There are times when I wonder if these different hats I wear are really just hats or if they're costumes. And the scariest question is, "Who am I when the costume comes off?" Aside from the obvious image of myself naked, I truly do wonder sometimes...
I have been told this is not uncommon. As women, we tend to become what we do and define ourselves by that. Are we really that bad at compartmentalizing?
I read a quote today - it was a glaring sign to me. "I was made... not to prove myself worthy but to refine the worth I'm formed from, acknowledge it, own it, spend it on others." - Mary Karr
This was a mini-epiphany for me. I agonize far too often about whether or not I'm good enough, smart enough... strong enough. Is what I'm doing enough? Is all I've done, enough? Will it ever be? Am I, enough? My programmed response to that question is "no," and that is what fuels this costumed me. Notice I wrote, "programmed response." This is not the answer that I, the real me buried under all of these costumes, know as truth.
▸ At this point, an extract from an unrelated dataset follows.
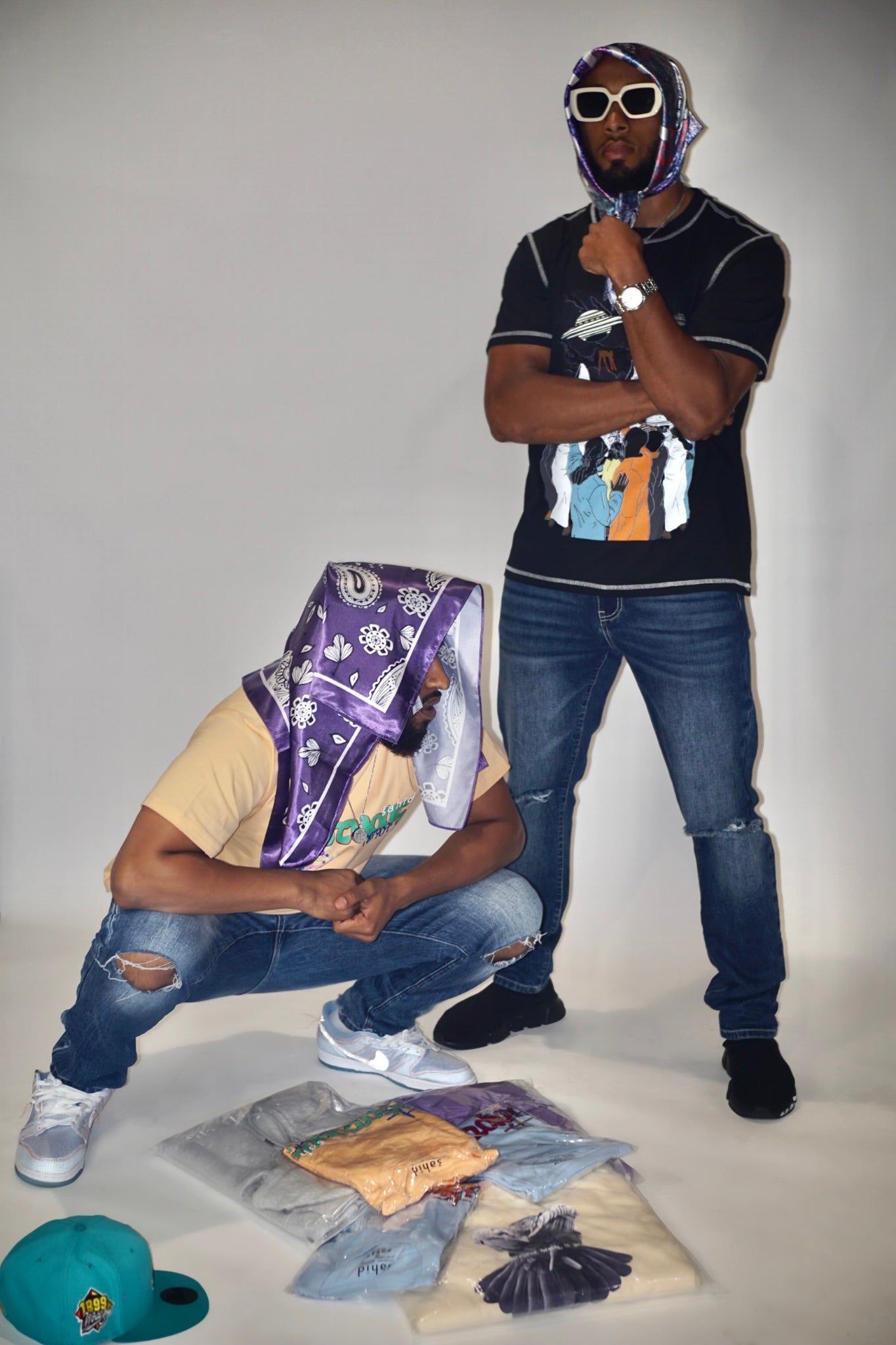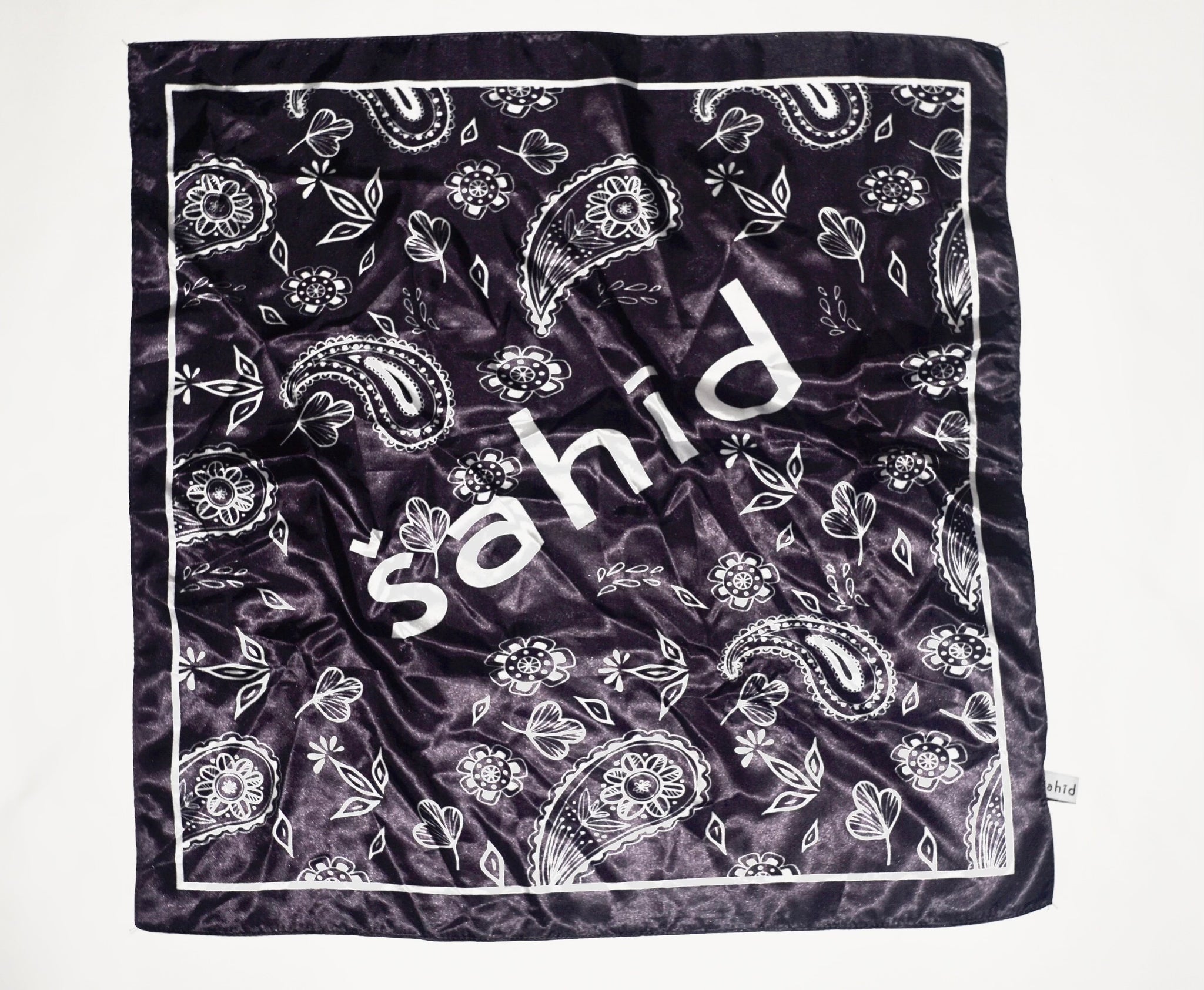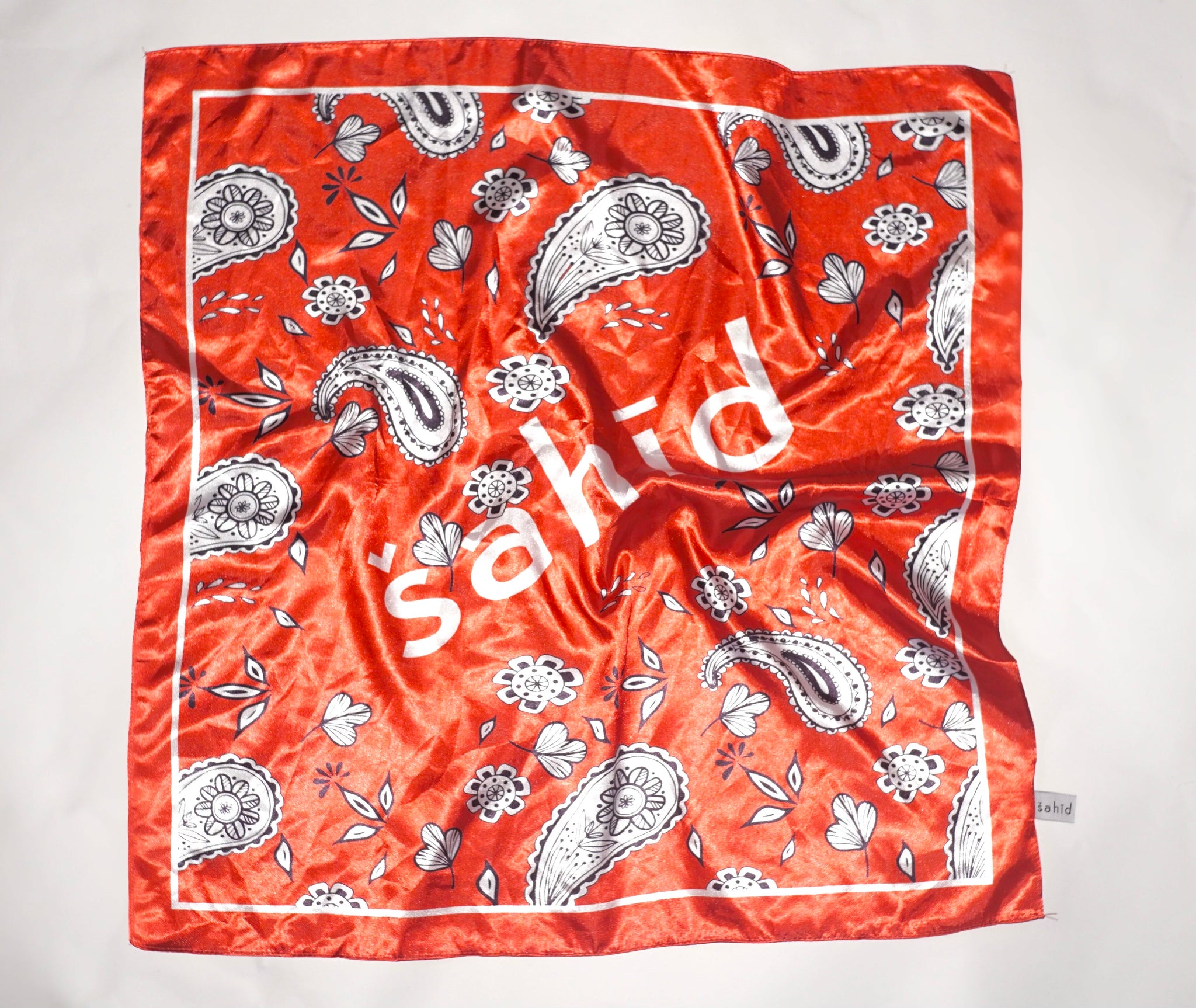 A branding-focused design, this šahid scarf is detailed with repeated hand drawn paisley motif and logo for finish

I know that I am enough and that we all are when we put forth true effort but what rules my mind is the programming. What I have to strive to understand and relate to on more than a subconscious level, is the truth.
Overcoming the programming is almost a full-time effort and who has time to ponder themselves all day long when they're changing costumes every few hours?
What most often happens is that my programmed mind thinks, "It's not enough. Work harder, work more. Do more." So then I push myself harder and become so mired in the effort that I allow my mind to go on auto-pilot. This keeps me in a perpetual state of programmed thinking... a perpetual state of "I'm not good enough."
Just as in combat - when there is no time to think, we react. We rely on programming.
My challenge these days, has been trying to be conscious and not reactive. Being reactive makes me ill. This illness is what we call "burn out." I'm there. Burnt. Crispy. Exhausted. Often, people will get physically sick or sometimes they'll experience some sort of accident, a broken leg, a car accident or something that forces them to be still. I notice first, this instinctive feeling of wanting to run, to be outside of myself, outside of this fast-paced life I've fueled with my own insecurities. That feeling is when I know that I need to slow down or I'm going to crash.
I also know that I'm ignoring and approaching some massive transformation.